Doradźcie coś  :roll eyes:

----------


## karster

Gkitd z yt poleca pierwsze tynki  :wink:  instalacja skonczona? Ja nadal walczę. Jeszcze mi zostało wcale nie mało  :sad:  i to nie dlatego, że wydziwiam tylko dlatego że tak wolno idzie. Najgorsze jest mocowanie przewodów.

Pozdrawiam
Karol

----------


## ggdh

Instalacja nie skończona, bo chłopaki cały czas robią przyłącza. Taki klimat, panie... Może jak teraz mają przyjść te mrozy to coś się ruszy, bo tak na dobrą sprawę to jest do zrobienia światło nad górnym korytarzem, rozdzielnice i kilka puszek podtynkowych do zmotania. 

Z tą rozdzielnicą to czuję, że mogą być jaja i o ile uważam, że trochę przegiąłeś z ilością obwodów (co z tym idzie ESów w rozdzielnicy  :wink:  ) to ja znowu w drugą stronę i ta 3x12 to będzie dużo za mała. Muszę przycisnąć dyżurnego elektryka, aby wreszcie siadł i policzył ile pól na parterze będzie potrzebnych...

----------


## karster

U mnie będą rolety, ktorych sterowanie bedzie w rozdzielnicy. To 14 podwójnych przekaźników no ale postaram sie zaprojektować sterownik tak, aby dwa przekaźniki mieściły się na jednym polu. 

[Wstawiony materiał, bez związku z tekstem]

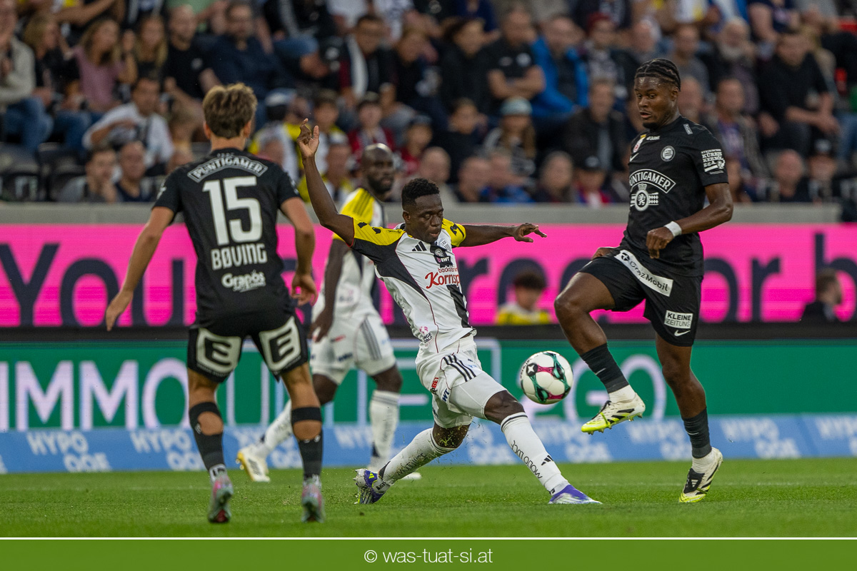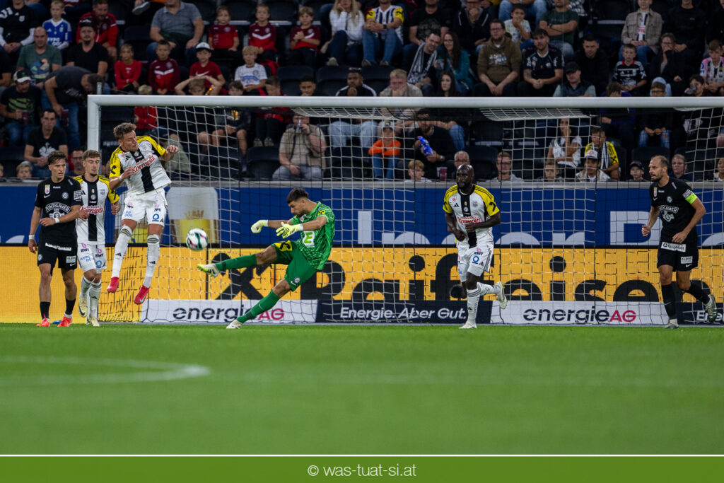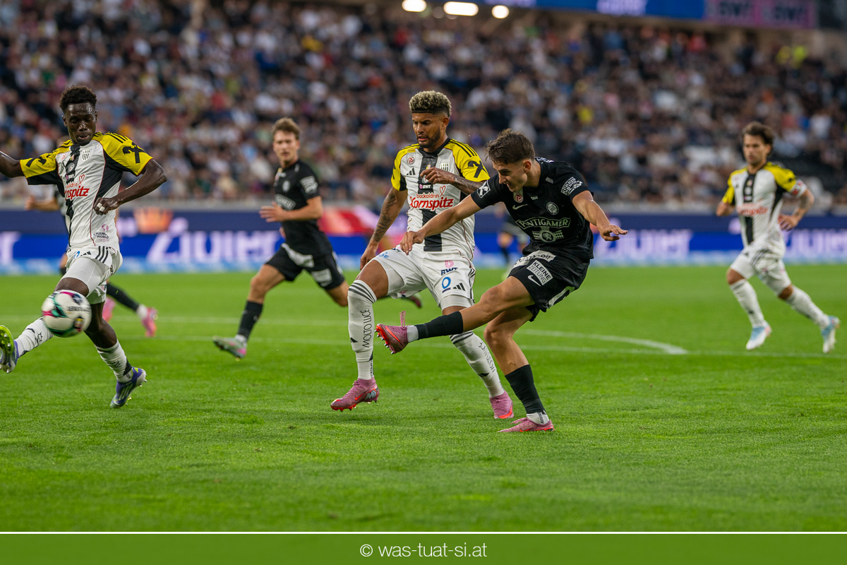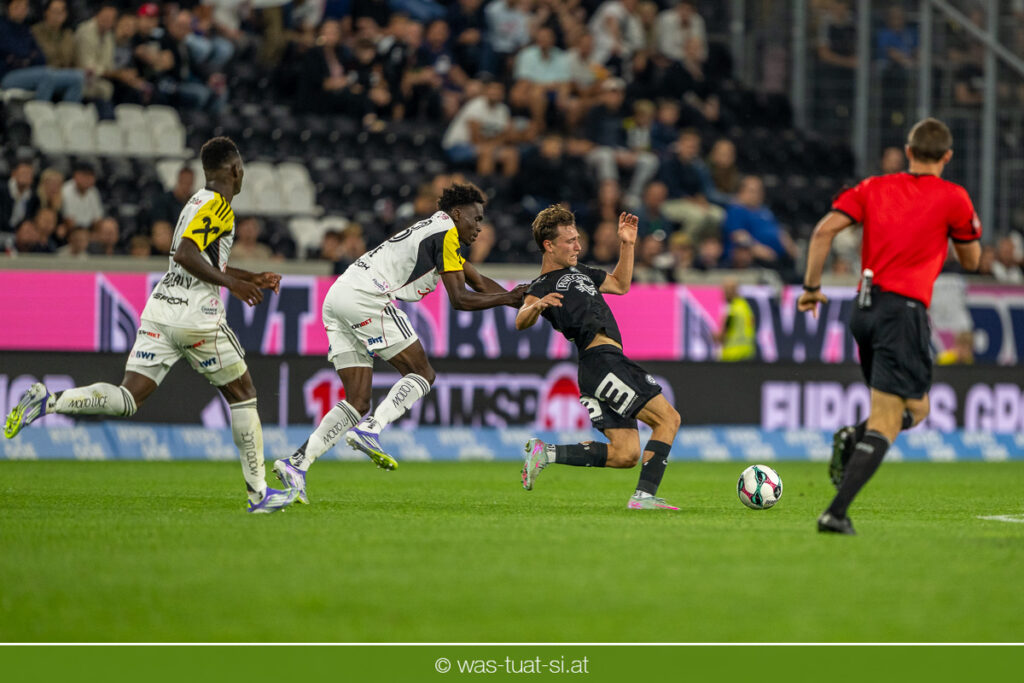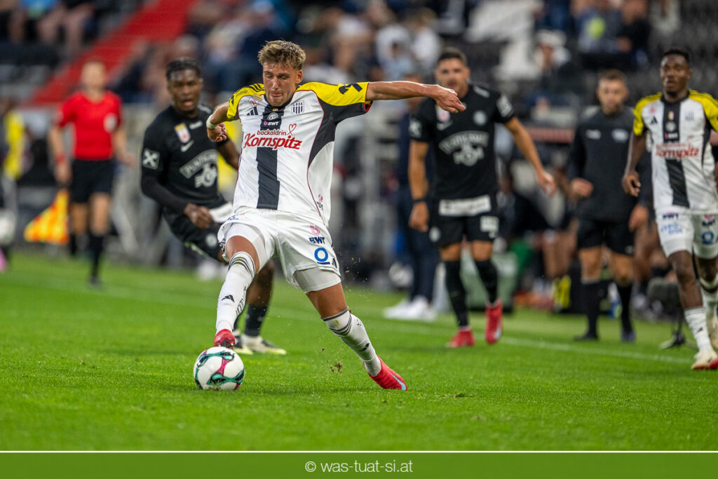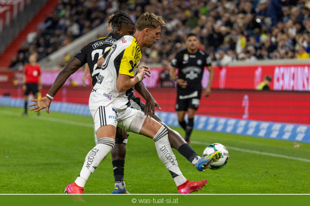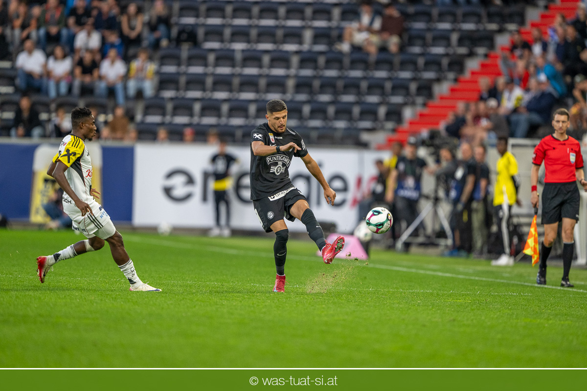 Der Meister ließ auch danach immer wieder seine Klasse aufblitzen, allen voran im Umschaltspiel nach Ballgewinn, wo die Grazer mit viel Tempo agierten und zu weiteren Möglichkeiten gelangten. Etwa nach 34 Minuten, als sich LASK-Keeper Lukas Jungwirth gegen Außenverteidiger Max Johnston auszeichnen konnte. Die Athletiker in dieser Phase mit wesentlich mehr Ballbesitz – insgesamt 67 Prozent standen nach den ersten 45 Minuten zu Buche – und mit phasenweise sehr gefälligem Spiel in der Aufbauzone wie auch im Mitteldrittel. Was fehlte, waren jedoch die klaren Torszenen, weil man im Angriffsdrittel oftmals zu unpräzise agierte und zahlreiche Hereingaben beim Gegner landeten.
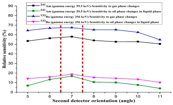 As aforementioned, in this investigation, two 2.54 cm × 2.54 cm NaI detectors were applied to record the transmitted photons. Tally F8 was utilized in order to record photon spectra in both detectors. The first detector was positioned diametrically in front of the radioactive source (see Figure 2). For the second detector, at first, a sensitivity investigation was done in order to find the optimum position. In this regard, the center of the second detector was positioned in different orientation in the range of 5°–11°, with a step of 1°, and transmitted photons were recorded. Orientation of 5° was the minimum possible position for the second detector, because, at less than this orientation, the first and second detectors would interfere with each other. The reason for choosing orientation of 11° as the maximum position was that, at more than this orientation, there would be no more transmitted photons through the pipe that carries on useful information about the three-phase flow to reach the detector. At each position, sensitivity of the second detector relative to gas phase and oil phase volume fraction changes was investigated for both registered counts of gamma radiations emitted from 241Am and 133Ba radioisotopes. For instance, calculation of sensitivity of registered counts under 241Am photo peak in the second detector relative to gas phase changes is indicated in Equation (1). It is worth mentioning that the sensitivity was calculated using the registered counts for gas phase fractions of 10% and 80%, which make the highest and lowest attenuation for photons.

Masz jakieś czujniki ruchu, obecności czy to sprawa alarmu a nir sterowania światłem?

----------


## ggdh

Tylko alarm.

----------


## marcko

> Im więcej czytam, tym bardziej zaczynam się łamać czy faktycznie robić wylewki przed tynkami  czas na podjęcie decyzji ucieka... bo jak puści temperatura to by się przydało działać 
> 
> Doradźcie coś





> Im więcej czytam, tym bardziej zaczynam się łamać czy faktycznie robić wylewki przed tynkami  czas na podjęcie decyzji ucieka... bo jak puści temperatura to by się przydało działać 
> 
> Doradźcie coś


Mam podobny dylemat (tyle że na zapas jeszcze)
tylko mi za podłogami najpierw przemawia tylko to że elektrykę będę puszczał głównie po podłodze, a co za tym idzie tynkarze by po peszlach łazili ile wlezie, a wiadomo jak oni kochają uważać na takie rzeczy.
W innym przypadku raczej po bożemu to widzę - tynki później wylewki.

----------


## ggdh

Ale cisza - nikt nic w taką pogodę, co zrozumiałe  :no:

----------


## ggdh

3 lata mieszkam w Mielcu, od 2 lat się interesuję budowlanką / materiałami / technologiami i dzisiaj dowiedziałem się, że jeden z 4 zakładów produkcyjnych Termo-Organiki jest u mnie w mieście  :Confused: 

EDYTA: nie no, bez jaj. Termo-organika to firma założona w Mielcu? Jak człowiek nic nie wie...

----------


## Norbi89

Życie jeszcze nie raz zaskoczy  :big grin: 
Jak kładzenie kabli bliżej końca ?

----------


## ggdh

Nic a nic, bo pogoda trochę nie sprzyja. Nie ma sensu nawet próbować dogrzać domu. Poza tym na dobrą sprawę brakuje mi (może to już pisałem) oświetlenia na górnym korytarzu, kilka puszek podtynkowych trzeba powiązać, wyposażyć rozdzielnice, jeszcze kilka peszli od alarmu i voila! Myślę, że ponad 90% roboty zrobiona i reszta to max 1-2 dni. Ziemia tak szybko nie odmarznie, więc pracownicy i tak nie pojadą kopać, więc mam nadzieję, że u mnie zawitają i zakończą temat. 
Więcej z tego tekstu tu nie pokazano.